Беспокойство утихло, но не оставило его; теперь, держа в объятиях лучшую из тех, кем невыносимо хотелось обладать, он должен был как-то отвлечь внимание, и поэтому продолжал вслушиваться в тишину, стараясь не слышать её дыхания, вглядываться в сумрак, стараясь не видеть отражения Принцессы в переливах зеркал, — вот только чувствовать ничего, кроме неё, и дышать ничем, кроме запаха её кружев, атласа, гибкого тела и волос, он не мог.
Его уже почти колотило, хотя внешне это не проявлялось никак, и руки несколько раз едва удерживались от движения вниз, с нажимом, властно сминающим возможное сопротивление, — когда он все-таки смог услышать то, чего, в сущности, боялся и слушать не хотел — слабое, неразличимо-далёкое всхлипывание где-то в темноте, которое снова отозвалось холодом, метнувшимся по спине, густым шаром, застывшим в груди. Было в этом неслышном плаче что-то нечеловеческое, пугающее, тоскливое до дрожи, хотя неясно было, реальный он или нет. Керье едва не передёрнуло. Он глубоко вдохнул, стараясь успокоиться. Плач оборвался сильным, надрывным всхлипыванием, замер, затих...

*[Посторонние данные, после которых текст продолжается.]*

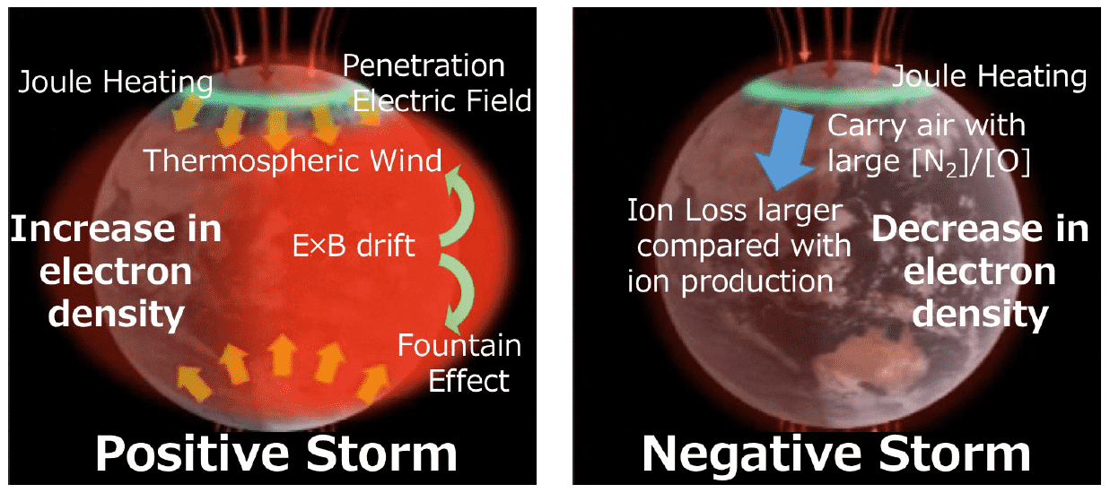 These regions vary both temporarily and spatially in response to variations in solar UV intensity and in the state of the background neutral atmosphere. In the vicinity of Japan, the electron density generally becomes larger at lower latitudes. The electron density has regular temporal variations such as daily and seasonal cycles and the approximately 11-year cycle associated with solar activity. In addition to the periodic variations, irregular disturbances also occur. For example, immediately after a large solar flare, the "Dellinger phenomenon", an irregular increase in the D region electron density, sometimes occurs, which can disrupt radio communications. When the magnetosphere is disturbed, an "ionospheric storm" may occur, in which the F region electron density significantly increases or decreases. Some local fluctuations such as a "sporadic E layer" and "equatorial plasma bubble" also frequently occur in particular seasons.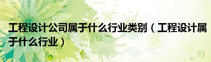 关于工程设计公司属于什么行业类别,工程设计属于什么行业这个很多人还不知道,今天菲菲来为大家解答以上的问题,现在让我们一起来看看吧!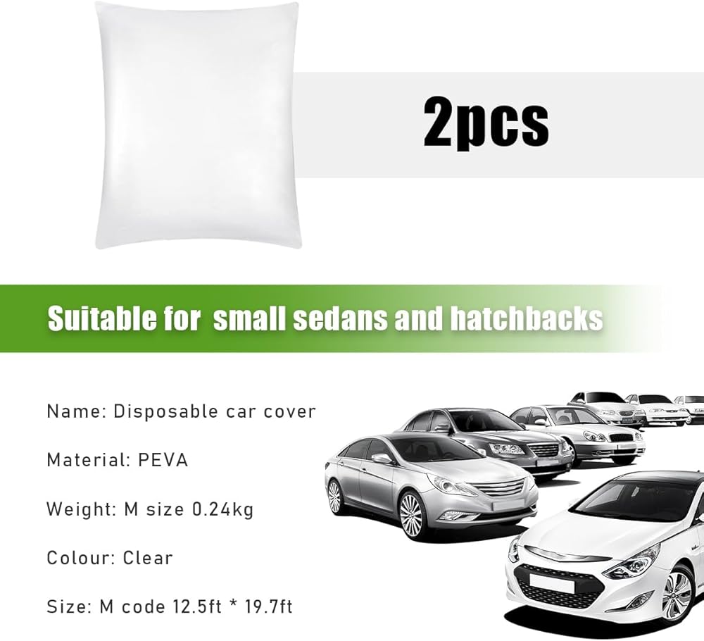 2 PCS Disposable Car Cover, 12.5' × 19.7' Waterproof Dustproof Clear Car Cover with Elastic Band, Full Exterior Plastic Rain Protector for Mini Van Sedan, Car Accessories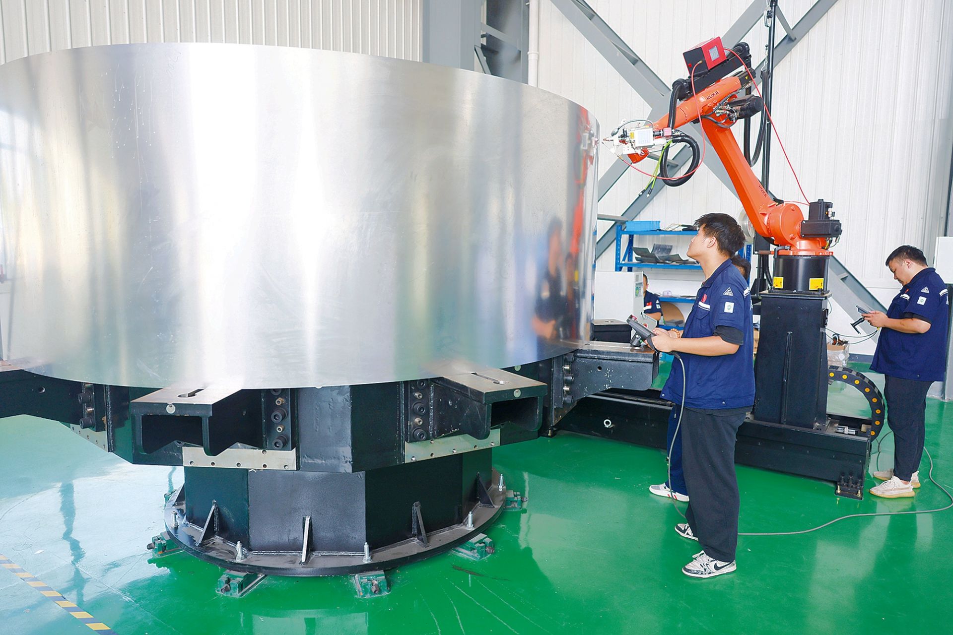 深藍(lán)航空液體火箭智能制造基地建設(shè)項目現(xiàn)場,員工加工關(guān)鍵零部件。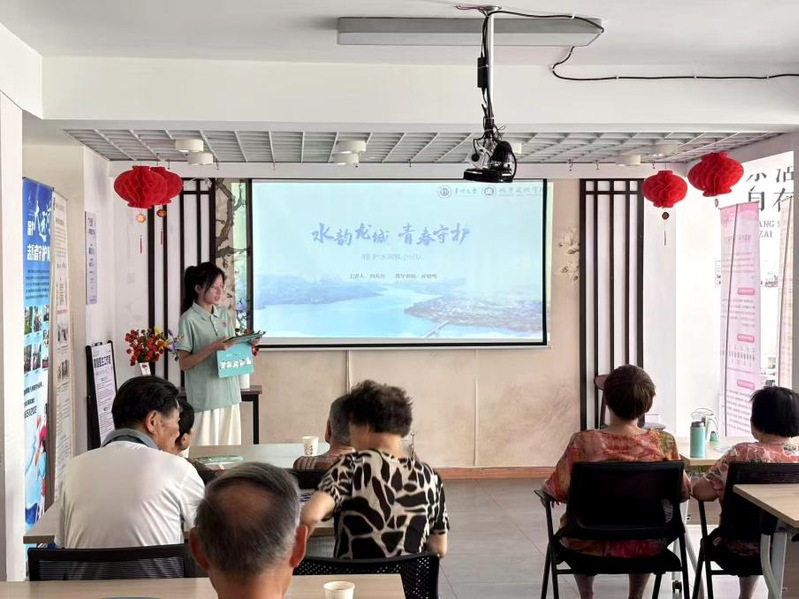 7月7日,团队面向广化桥社区老年群体举办“守护母亲河,传承运河魂”主题宣讲。聚焦水污染危害与家庭节水技巧,实践队员用通俗语言和生活案例,讲解大运河对城市发展的历史意义与保护运河生态的紧迫性,通过互动问答的方式引导老人分享与运河相关的生活记忆,结合老年生活场景,提出家庭节水、垃圾分类小妙招,鼓励老人担任“社区监督眼”,及时反馈周边水环境状况。活动引发共鸣,有效激发了老年群体参与运河保护的热情,老年居民表示将带动家人参与保护,共同守护河清岸绿的美好家园。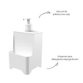 - Características: Acompanha caixa - Lixeira possui arco para esconder sacola - Dispenser capacidade de 650ml , válvula com trava

И внезапно, ощутив ровное, горячее дыхание Принцессы, понял, что разлито в сумраке, темно, давяще и сгущено вокруг.
Комната как будто впитала частый, задыхающийся страх. Керье представил себе, будто увидел воочию, как часто бывала здесь Принцесса, сжавшись в маленький, содрогающийся комок и тихо плача, — от страха, безвестности и бессилия. Совсем одна.
Жалость, острая, как раскалённый нож, входящий в заледенелое масло, пронзила его; он сжал руки, смело, властно прижимая Инфанту к себе, — она не сопротивлялась, наоборот, прильнула к нему ещё более, позволяя гладить шелковистые волосы, горячие плечи и спину, ждущие ласк. Желая понять все это, заставляя себя ощутить то, что, возможно, ощущала она, Керье почувствовал вспыхнувшую в солнечном сплетении резкую раздирающую тоску, и печаль, застилающую глаза.
Принцесса была беззащитна и слаба, как человеческий ребёнок; прекрасна, как птица, отдающая небесам закатный пурпур, ещё прекраснее — для неё не было сравнений и имён; телохранитель почувствовал всеохватывающее, всепоглощающее стремление защитить её, помочь ей, отдать ей.
Но было ли это возможно? Или в словах Гленрана, грубых, прямых, наглых, сказанных в порыве подступившей предсмертной откровенности, была своя правда, — ведь скорее всего так и было. Невозможно любить её, ожидая ответа. Невозможно понять её, потому что поняв, её можно поставить рядом, победить или завоевать. А это невозможно — просто так, по определению. Катарину дель Грасси победить нельзя. Она не мстила мужчинам, нет; всего лишь указывала им на эту непреложную, равнодушную и жестокую истину, — указывала любой ценой. Она могла любить их, но не могла им принадлежать. И был лишь один, которого она ненавидела сильнее остальных. Теперь Керье отчётливо понимал почему. И ощутил лишь краткое, затухающее удивление, не в силах понять, как же, в чем же Даниэль смог оказаться сильнее Её.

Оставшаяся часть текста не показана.